MGP-Imputer: Missing Value Imputation with Deep Gaussian Processes

PyPI version License: MIT

A PyTorch-based implementation of Missing Gaussian Processes (MGP) for missing value imputation, wrapped in a user-friendly scikit-learn compatible API.

This package allows you to seamlessly integrate Deep Gaussian Process models into your data preprocessing pipelines for robust and uncertainty-aware imputation. It is based on the paper "Gaussian processes for missing value imputation".

Features

  • Scikit-learn Compatible: Use fit, predict, and fit_transform methods just like any other scikit-learn transformer.
  • Two Imputation Strategies:
    • chained (Default): Builds a separate GP layer for each feature with missing values, modeling dependencies in a chained fashion (MGP).
    • holistic: Builds a single, multi-output Deep GP to model all features simultaneously.
  • Probabilistic Imputation: Returns both the imputed values and the standard deviation, giving you a measure of uncertainty for each imputed value.
  • GPU Accelerated: Leverages PyTorch to run on CUDA devices for significant speedups.

Installation

You can install mgp-imputer directly from PyPI:

pip install mgp-imputer

Quick Start

Here's how to use MGPImputer to fill in missing values (np.nan) in your dataset.

import numpy as np
import pandas as pd
from mgp import MGPImputer

# 1. Create a synthetic dataset with 20% missing values
np.random.seed(42)
n_samples, n_features = 200, 5
X_true = np.random.rand(n_samples, n_features) * 10
X_missing = X_true.copy()
missing_mask = np.random.rand(n_samples, n_features) < 0.2
X_missing[missing_mask] = np.nan

print(f"Created a dataset with {np.sum(missing_mask)} missing values.")

# 2. Initialize the MGPImputer
# Strategies can be 'chained' (default) or 'holistic'
imputer = MGPImputer(
    imputation_strategy='chained',
    n_inducing_points=1000,
    n_iterations=1000, # Use more iterations for real data
    learning_rate=0.01,
    batch_size=64,
    verbose=True,
    seed=42
)

# 3. Fit on the data and transform it to get imputed values
# The imputer returns the imputed data and the standard deviation of the predictions
X_imputed, X_std = imputer.fit_transform(X_missing)

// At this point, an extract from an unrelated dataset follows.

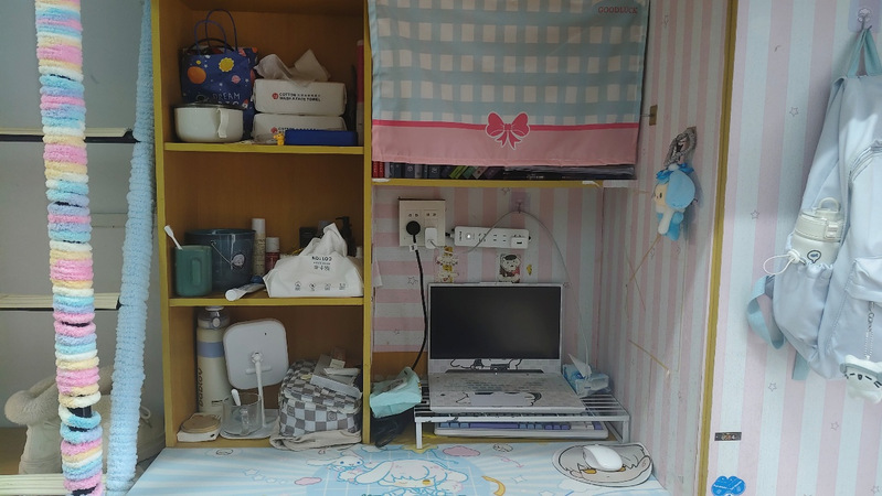 推开28-526的房门,原木色调与清新绿植映入眼帘,阳光透过纱帘洒在手绘墙面上,宁静而治愈。成员们利用废旧纸箱改造收纳,墙上挂满共同回忆的照片,每一处细节都流淌着“家”的温暖。评委在走访时称赞:“这里不仅美观实用,更充满情感温度,真正体现了寝室如家的意义。”

# 4. Evaluate the imputation quality
rmse = np.sqrt(np.mean((X_imputed[missing_mask] - X_true[missing_mask])**2))
print(f"\nImputation complete.")
print(f"RMSE on missing values: {rmse:.4f}")

# The result is a complete numpy array
print("\nImputed data shape:", X_imputed.shape)
print("Number of NaNs in imputed data:", np.isnan(X_imputed).sum())

Citation

If you use this work in your research, please cite the original paper:

Jafrasteh, B., Hernández-Lobato, D., Lubián-López, S. P., & Benavente-Fernández, I. (2023). Gaussian processes for missing value imputation. Knowledge-Based Systems, 273, 110603. Missing GPs

License

This project is licensed under the MIT License.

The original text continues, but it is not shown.